Paul then takes a foot print, a tracing, and at least eight measurements per foot. For riding boots, he measures every two inches up to the knee as riders typically prefer a tight fit. Paul keeps 3/4-inch and 1 5/8-inch heel heights in stock and can get 2 1/2-inch heel heights should that be a customer’s preference. He advises that most western boots are 13-14 inches tall while riding boots are tall enough to touch the back of one’s thighs when seated.
When being measured, clients are encouraged to wear the socks they intend to wear with the boots to ensure a proper fit. Boots that fit properly should be tight through the arch with room that permits the toes to wiggle and the heels to move very slightly up and down.
With measurements and designs in hand, clients must also consider the type of leather and color they desire. Options range from calf to ostrich and alligator to kangaroo. The newest skin available for consideration is salmon skin from Iceland. In fact, Paul is currently working with a client whose boot design includes sea turtles and fish – a great use for that salmon skin. All leathers are dyed prior to delivery to Paul’s shop so clients can see and feel the products that will be used to make their custom boots.

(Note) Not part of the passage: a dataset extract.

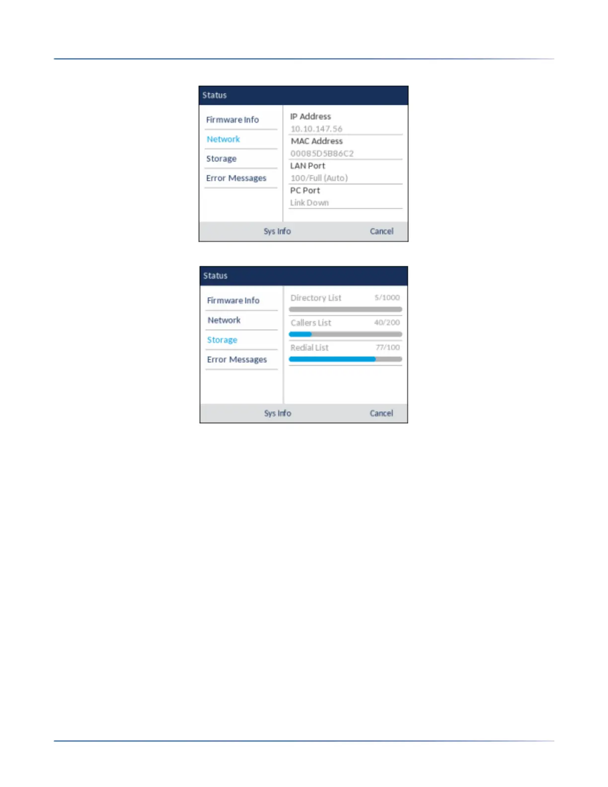 b. If the Received Callers List or Outgoing Redial List is full, the Storage screen displays informa-

In addition, Paul sends clients photographs once or twice a week to keep them apprised of his progress. His customers quite literally see their boots take shape every step of the way.
It takes Paul 25-30 hours to make the simplest boots he sells. For those that are highly decorated with inlay and lots of stitching, nearly 100 hours can be required to do the job. Prices range from $1500 to over $2000.
While national news recently suggested that boot making is a dying art, it’s clearly alive and well in Dubuque. If you’d like to learn more about custom boots made for walkin’, ridin’ or workin’, please visit Paul’s website at www.PaulsBoots.com or contact him via email at email@example.com.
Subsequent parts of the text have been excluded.